Still the output is 1. So const char* strings does not decay? Or compiler managed to do some optimizations and allocate memory only for one string? Ok, let's try to avoid them:

#include <iostream>
using namespace std;

int main()
{
    const char* a = "1230";
    const char* b = "1231";
    b = "1230";
    cout << (a == b);
}

Still the result is the same. Which made me think that const char* really does not decays. But that didn't made my life simpler. How then const char*s are compared?

Why here the output is 1:

#include <iostream>
using namespace std;

int main()
{
    const char* a = "1230";
    const char* b = "1231";
    cout << (a > b);
}

a is less than b, in terms of lexographical comparison, but here a is bigger. How then comparison of const char*s is implemented?

Yes, the linked answer is correct. operator== for pointers just compares the addresses, never their content.

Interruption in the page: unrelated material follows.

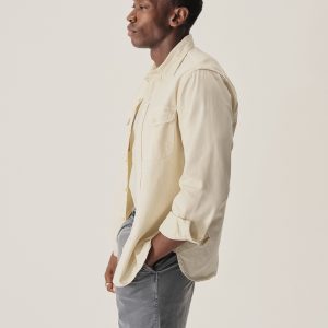 Inspired by a 1940s workshirt from our archives, this is the quintessential midcentury American workshirt. It has a classic fit, two flap chest pockets, and a curved hem. It is cut from a sturdy midweight cotton twill that will soften with every wear. Washed for a lived-in feel.
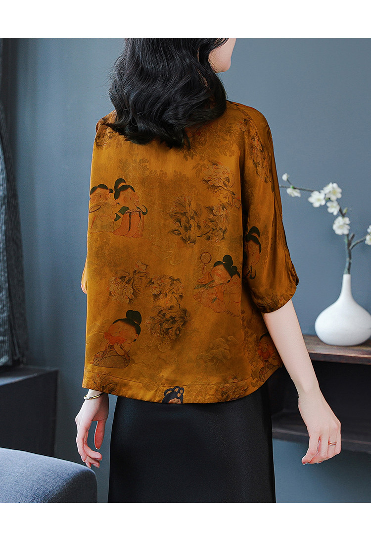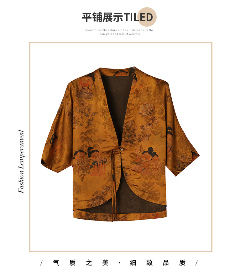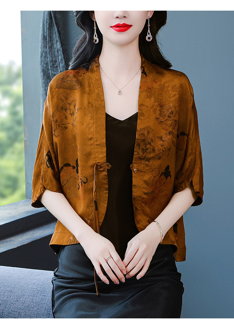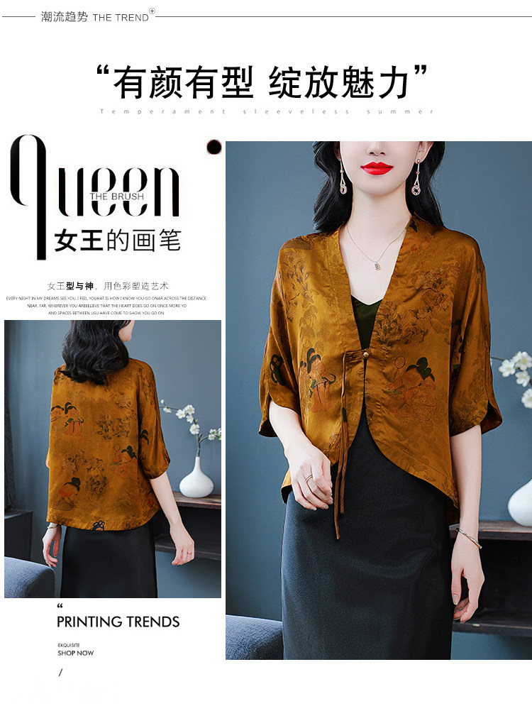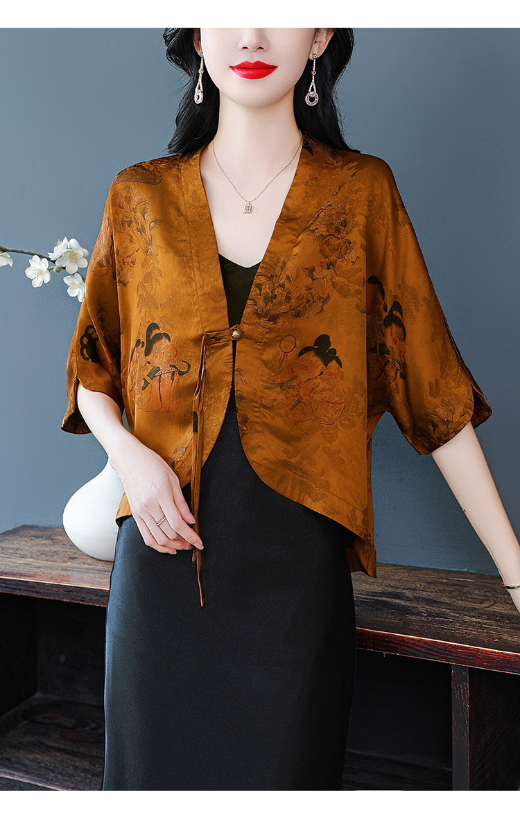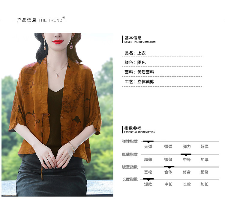 A5066新中式半袖上衣防晒开衫妈妈装女春秋夏薄款香云纱披肩外搭短外套

Furthermore, the compiler is free, but not required, to de-duplicate string literals, so all occurrences of a string literal are the same object, with the same address. That is what you observe and re-assignment b = "1230"; won't stop that.

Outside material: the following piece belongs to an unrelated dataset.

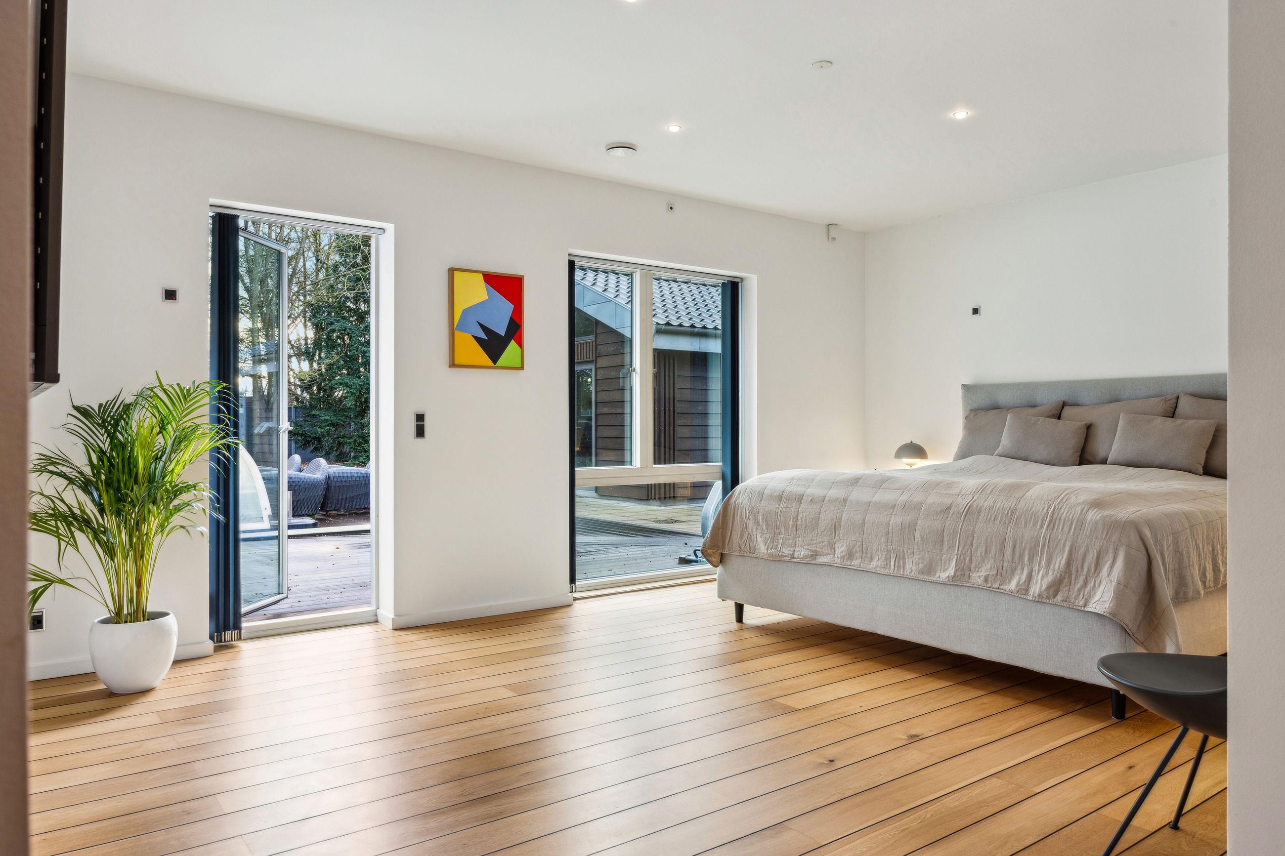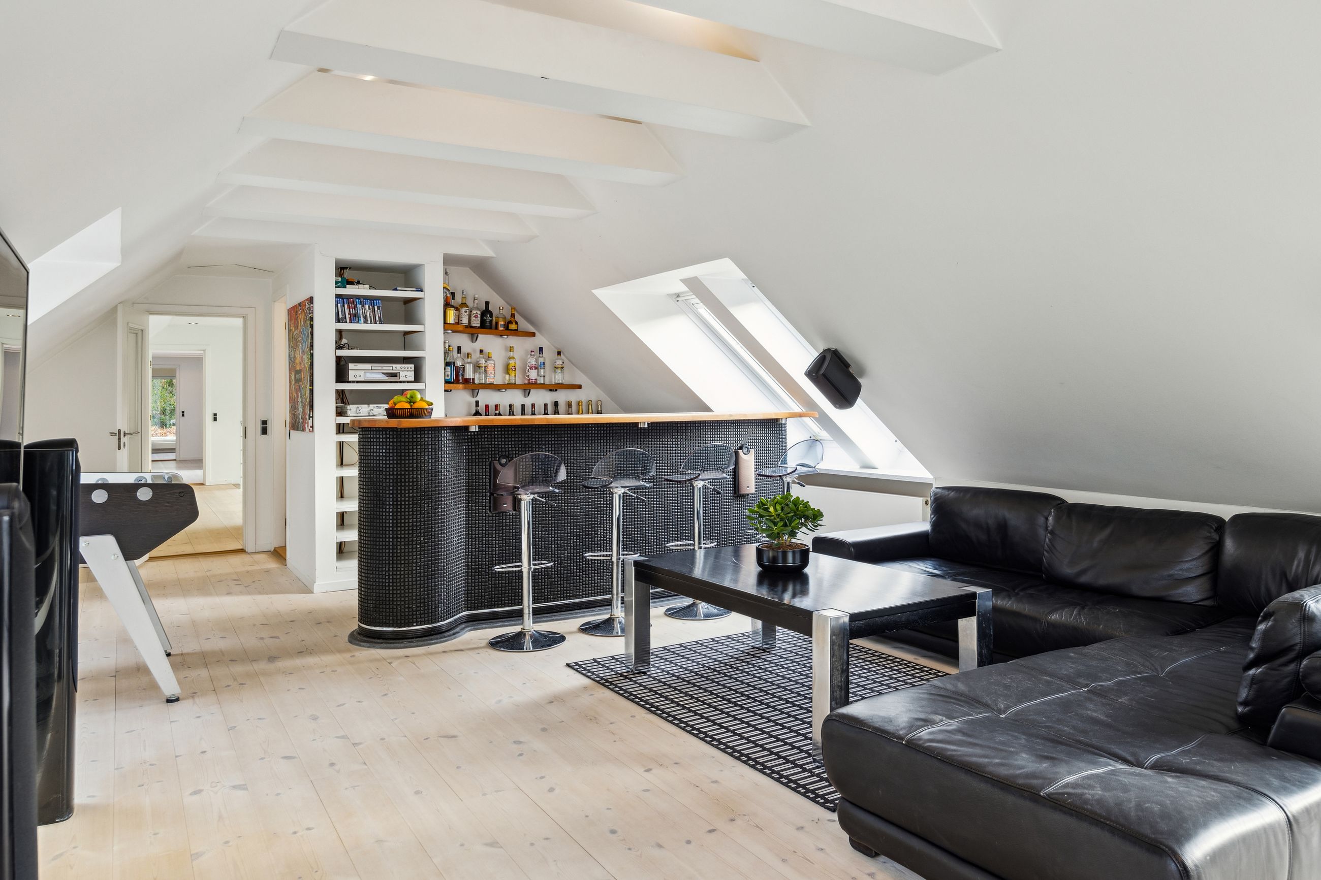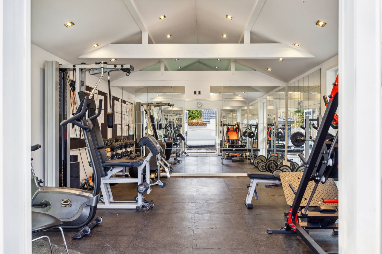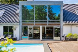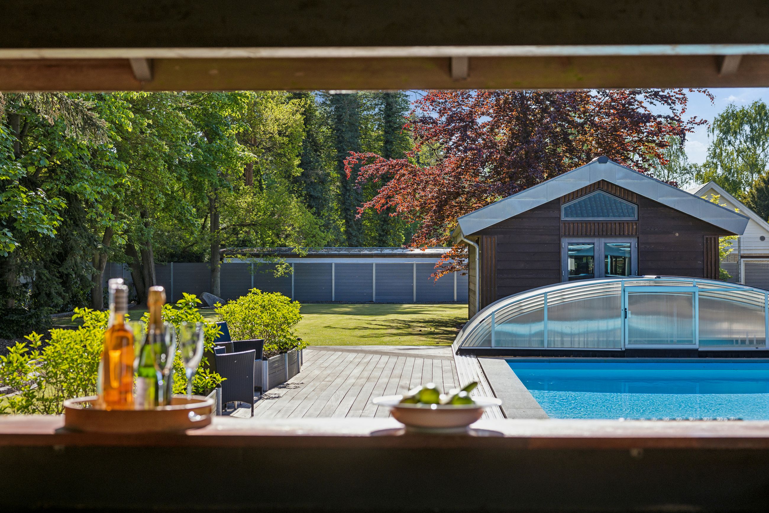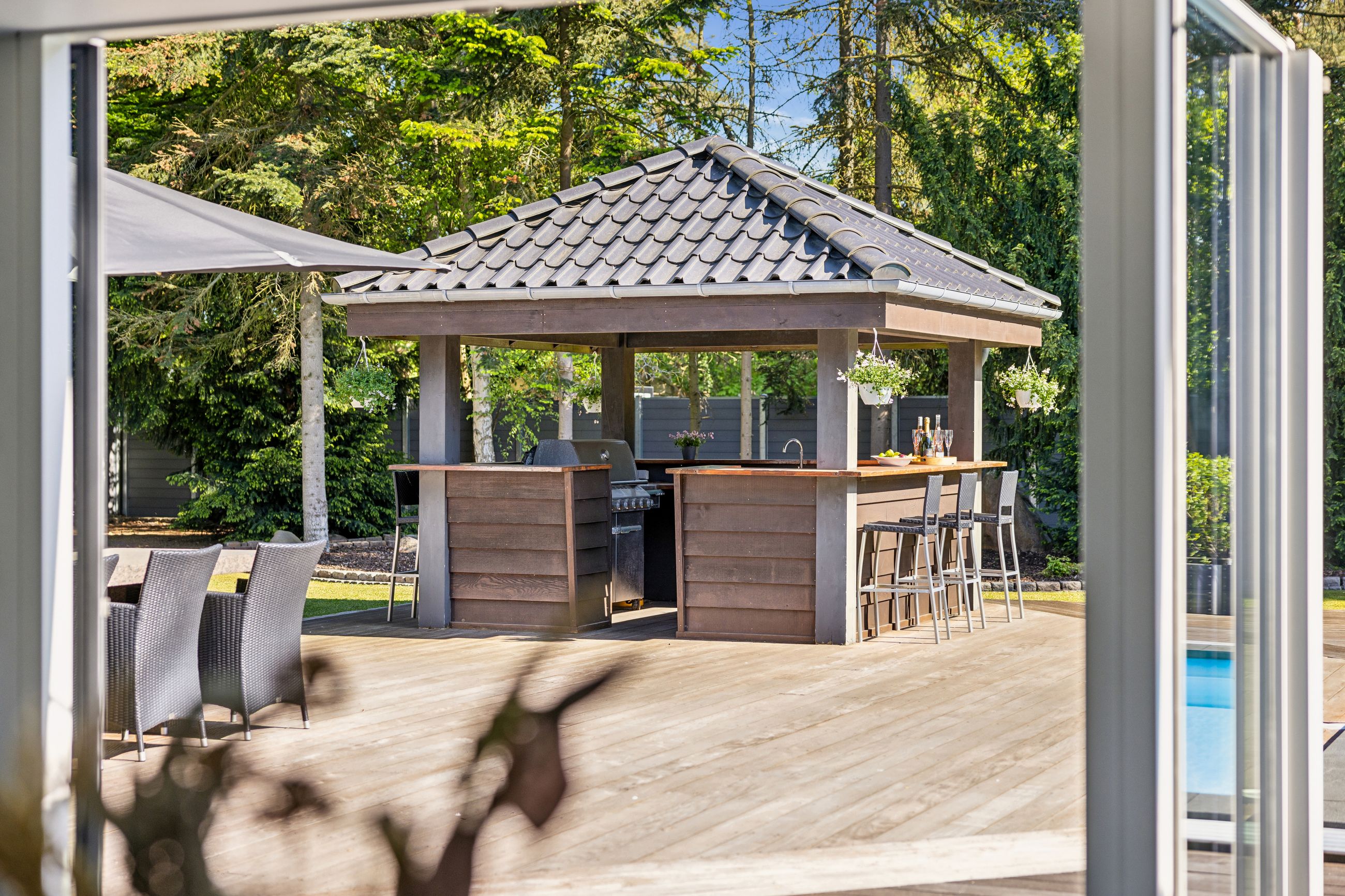 En ekstra luksusdetalje er den udendørs bar hvor man kan nyde lange sommeraftener under åben himmel. Den store indkørsel prydes af en smedelåge som åbnes bekvemt via fjernbetjening – sikkerhed kombineret med stil.

[lex.string.14] Evaluating a string-literal results in a string literal object with static storage duration, initialized from the given characters as specified above. Whether all string-literals are distinct (that is, are stored in nonoverlapping objects) and whether successive evaluations of a string-literal yield the same or a different object is unspecified.

What should const char* decay to? Arrays decay, pointers don't.

#include <iostream>
using namespace std;

int main()
{
    const char* a = "1230";
    const char* b = "1231";
    cout << (a > b);
}

returns 1 just because a happens to point to a higher address than b, there is no lexiographical comparison done. Just use std::string or std::string_view if you require that.